Fig. 7. Intel® RealSense camera modules. The top figure shows the F200 version based on coded-light 3D-imaging technique, whereas the bottom figure shows the R200 version based on stereo-3D imaging technique. The imaging processors consist of power-efficient hardware for 3D computation and processing.

The bottom figure shows the RealSense R200 module, which is based on IR-assisted and hardware-accelerated stereo-3D imaging technology. The illumination subsystem on the module projects a texture of IR light onto the 3D objects and scene in front of the camera system. The two IR image sensors separated by a baseline distance capture real-time images of the environment. An onboard imaging processor hardcoded with power-efficient algorithms runs rectification and stereo-correlation algorithms to compute binocular disparities and the corresponding depth images in real time. At the same time, the color image sensor captures high-definition RGB images, which are synchronized with the corresponding depth maps. Similar to F200 module, a single USB 3.0 interface provides power to the sensor module as well as transmits the data.

Both devices are <4 mm in thickness, enabling integration into a wide array of computing devices and systems. As narrated above, the sensor modules capture pairs of color and depth images, also referred to as RGB-D images, in real time. Figure 8 shows a pair of RGB-D images of a scene, recorded with a RealSense camera. Every pixel on the image shown in the left indicates the color value associated with the corresponding point in the 3D space, and that on the image on the right indicates the depth of the point from the sensor module. With these pair of images, the 3D world is captured by the RealSense devices in real-time, complete with both color and 3D coordinate information for the points, enabling development of interactive and intelligent systems.
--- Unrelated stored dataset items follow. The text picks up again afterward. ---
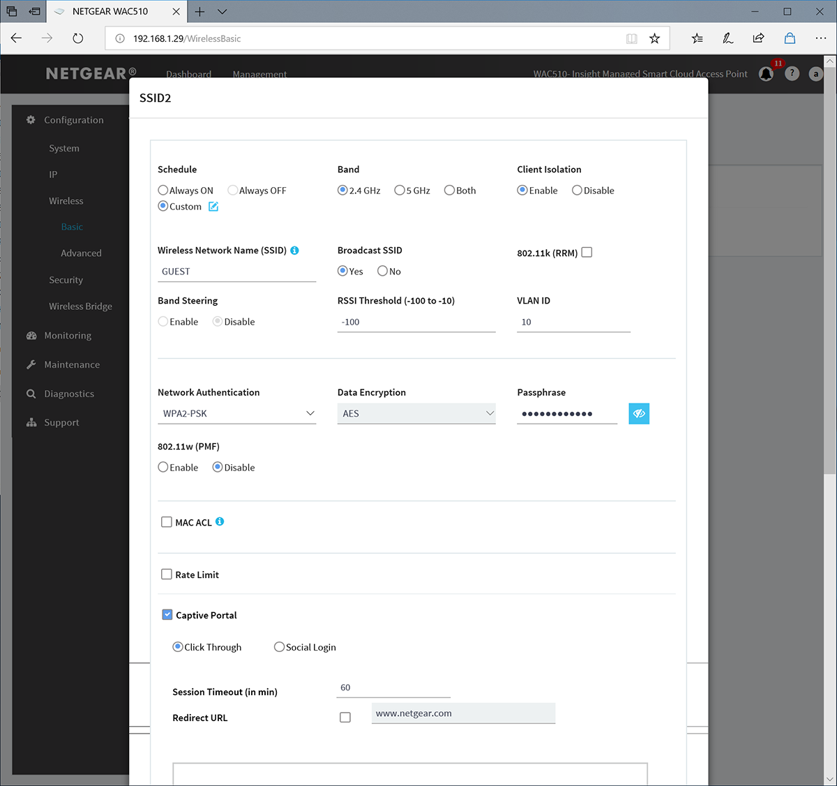 ゲスト用に細かな設定も可能で、たとえば接続可能なスケジュールを営業時間のみに設定したり、接続可能な周波数帯を2.4GHzのみに制限したり、クライアント同士のアクセスを禁止したり、接続後の転送速度の上限を設けたりすることもできる。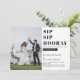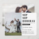 Élégante invitation de fiançailles "Sip Sip Hooray" 2 photos avec une photo sur le devant et la deuxième photo au dos. Personnalisez en remplaçant la photo et le texte.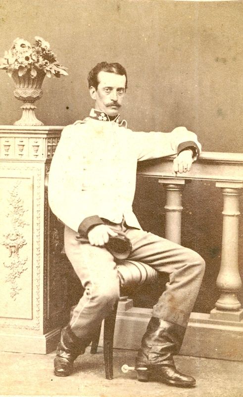 Mivel a felvétel Kőszegen, Lóher Károly fényképész műtermében készült, nagy valószínűséggel az 1863-66 között a városban állomásozó 11. vértesezred őrmestere látható a képen.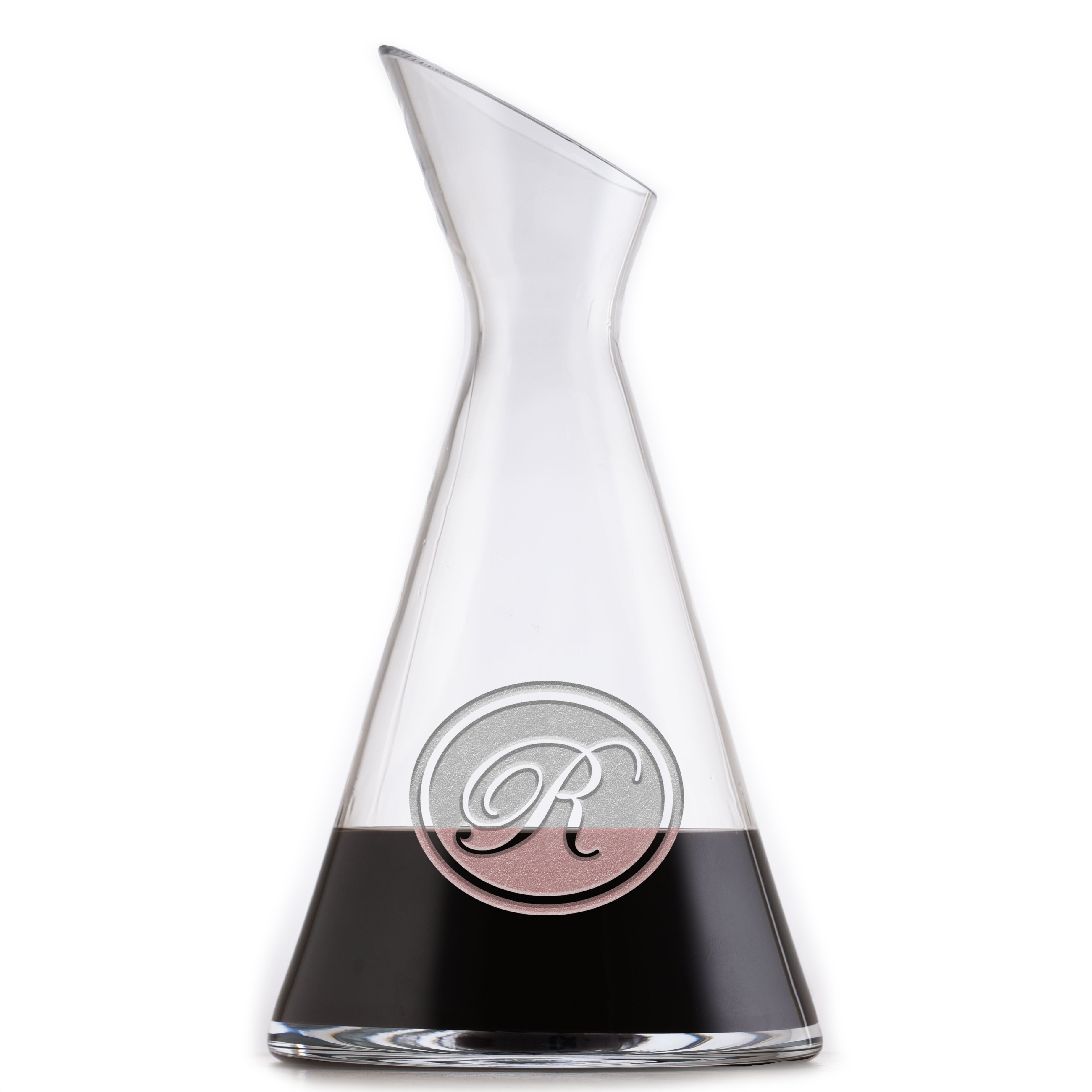 Engraved Monogram Slant Wine Carafe Decanter custom personalized by Crystal Imagery. Serve wine, water, and other beverages with impeccable style in this etched Stolzle 86506 / 500091 slant 26.5 oz. glass decanting carafe! Crystal Imagery takes pride in providing a deep-relief, 3D finish when we custom engrave your barware gifts. Our artisans use a sand-carving method that canÕt be matched by laser engravers and etchers. We blast away a background panel around the monogram or logo to create a finish that is jaw-dropping. Pour beverages with elegance at your dinner table or cocktail party with this 100% lead free crystal decanter. This Stolzle glass provides higher clarity and brilliance than other glassware containing lead. Its beauty is matched by incredible durability. During production, the wine carafe undergoes a fire tempering process that increases hardness and durability, resulting in a strong carafe unlikely to break. To wash your carafe, rinse it with warm water. Refrain from using any detergents as it may affect the taste of wines stored in the decanter.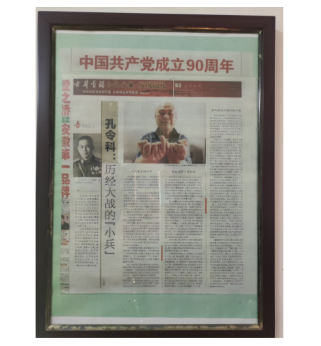 孔令科老人,1926年出生,1941年參軍入伍, 1946年加入中國共產(chǎn)黨,14歲加入新四軍,戎馬生涯中參加過抗日戰(zhàn)爭和解放戰(zhàn)爭,多次立下二等功。在講起那段槍林彈雨、戰(zhàn)火紛飛的革命年代時,他不免有些激動。令我們印象最深的是在戰(zhàn)爭中有五顆手榴彈滾到了他的腳下,幸運的是只有一顆爆炸了,導致右腿右臂受重傷,多處留有彈片。如今95歲高齡的孔老,身體硬朗、思維清晰,始終保持著每天讀書看報的好習慣,在靜享慢讀中,沉淀出生活的安靜與從容。如今的和平時代是無數(shù)革命先烈用鮮血和生命換來的,沒有他們浴血奮戰(zhàn),何來祖國今日繁榮昌盛?百年征程波瀾壯闊,百年初心歷久彌堅,祖國大地留下的是無數(shù)先輩們奮斗的足跡,流傳著感人肺腑的故事。臨走前,滿頭銀發(fā)的孔老不斷重復著:“你們生在好時代,大家都年輕,一定要多讀書多學習”。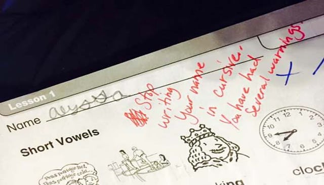 A seven-year-old girl came home with a not-so-nice message on her class assignment: “Stop writing your name in cursive. You have had several warnings.” Come again? Since when is it wrong to sign your name in cursive? Also, it looks like the teacher started to write her little note in cursive, which is hilarious.

An additional module, which has been recently introduced but not shown in Fig. 7 is RealSense ZR300, which incorporates a wide field-of-view fish-eye camera and an IMU in addition to an R200 RGB-D sensor, all integrated onto a common stiffener, synced, and calibrated for accurate visual-inertial 3D-tracking applications as will be described later.
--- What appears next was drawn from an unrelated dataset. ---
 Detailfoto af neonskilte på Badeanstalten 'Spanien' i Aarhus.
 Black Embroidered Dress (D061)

Fig. 8. A pair of RGB-D images captured with Intel® RealSense camera. The left figure shows a color image, while the right figure shows the corresponding pseudo-colored depth image where the nearer points are shown in bluer colors and farther points are shown in redder colors. The background objects that are further away from the range of the depth sensor are shown in dark blue.

Besides the 3D-sensing hardware modules, the RealSense software development kit includes a number of middleware libraries and application programming interfaces to enable the development of a new class of interactive applications. Figure 9 illustrates a few of the 3D computer vision middleware technologies, including a hand skeleton tracking library, a face detection and tracking library, a background segmentation library, and a 3D reconstruction library, among many other capabilities.

Fig. 9. Examples of 3D computer vision middleware libraries included in the RealSense software development kit. Top left: 3D hand skeleton tracking; top right: face detection and tracking; bottom left: 3D background segmentation; bottom right: 3D scanning and reconstruction.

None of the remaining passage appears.